§ Material provided
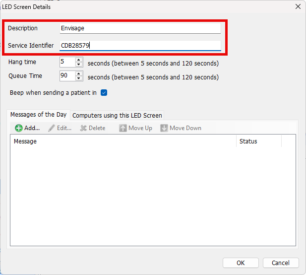 - Fill out the Description and Service Identifier - The description is normally the physical site name, and the Service Identifier will be your EMIS cdb number.
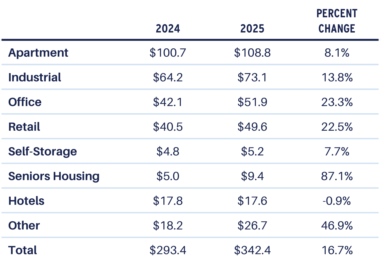 Aggregate commercial property transaction volume has improved considerably throughout the year and, as of the end of Q3, is running more than 15% ahead of last year’s pace. Volume in all property sectors except hotel is above year-ago pacing and seniors housing is likely to finish the year at nearly twice the total volume of 2024, albeit still a relatively small aggregate dollar level given the comparative size of the sector.
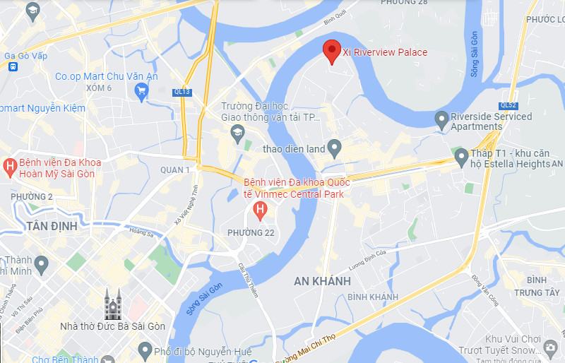 Xi Riverview Palace tọa lạc tại số 190 Nguyễn Văn Hưởng, phường Thảo Điền, Tp. Thủ Đức, Tp. Hồ Chí Minh. Từ dự án, cư dân dễ dàng liên kết nhanh chóng với các khu vực lân cận, trung tâm thành phố nhờ hệ thống hạ tầng giao thông phát triển nhanh chóng.
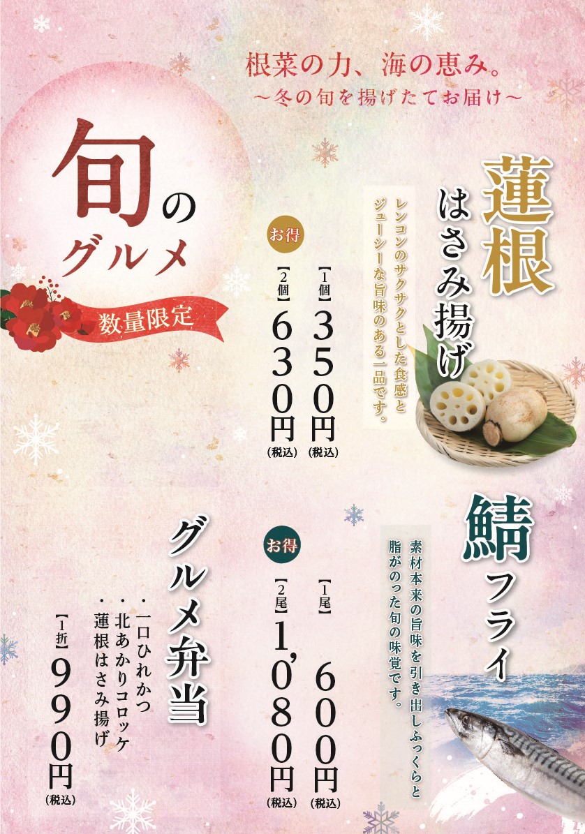 冬の食材にマッチした商品が販売しております。 根菜の力 ★ 蓮根はさみあげ 蓮根の食感が楽しめジューシーなお肉をはさんだ旨味のある一品です。 海の恵 ★ 鯖フライ 鯖の旨味を引き出した調理で脂が乗った旬の味覚…
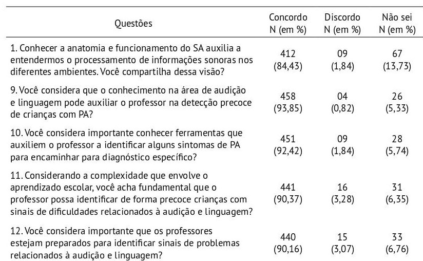 A análise apresentada a seguir refere-se à concordância ou não do professor em relação à questão apresentada, sobre o que ele considera ou não importante no que diz respeito ao papel da audição e linguagem para a aprendizagem (Quadro 1).
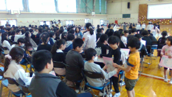 最後に、6年生が1年生から5年生一人一人の良いところが書いてあるメッセージカードを渡しました。

§ Problem requirements
Reproduce the data exactly as it appears above. Pictures are to be left out.

§ Written response
 - Fill out the Description and Service Identifier - The description is normally the physical site name, and the Service Identifier will be your EMIS cdb number.
 Aggregate commercial property transaction volume has improved considerably throughout the year and, as of the end of Q3, is running more than 15% ahead of last year’s pace. Volume in all property sectors except hotel is above year-ago pacing and seniors housing is likely to finish the year at nearly twice the total volume of 2024, albeit still a relatively small aggregate dollar level given the comparative size of the sector.
 Xi Riverview Palace tọa lạc tại số 190 Nguyễn Văn Hưởng, phường Thảo Điền, Tp. Thủ Đức, Tp. Hồ Chí Minh. Từ dự án, cư dân dễ dàng liên kết nhanh chóng với các khu vực lân cận, trung tâm thành phố nhờ hệ thống hạ tầng giao thông phát triển nhanh chóng.
 冬の食材にマッチした商品が販売しております。 根菜の力 ★ 蓮根はさみあげ 蓮根の食感が楽しめジューシーなお肉をはさんだ旨味のある一品です。 海の恵 ★ 鯖フライ 鯖の旨味を引き出した調理で脂が乗った旬の味覚…
 A análise apresentada a seguir refere-se à concordância ou não do professor em relação à questão apresentada, sobre o que ele considera ou não importante no que diz respeito ao papel da audição e linguagem para a aprendizagem (Quadro 1).
 最後に、6年生が1年生から5年生一人一人の良いところが書いてあるメッセージカードを渡しました。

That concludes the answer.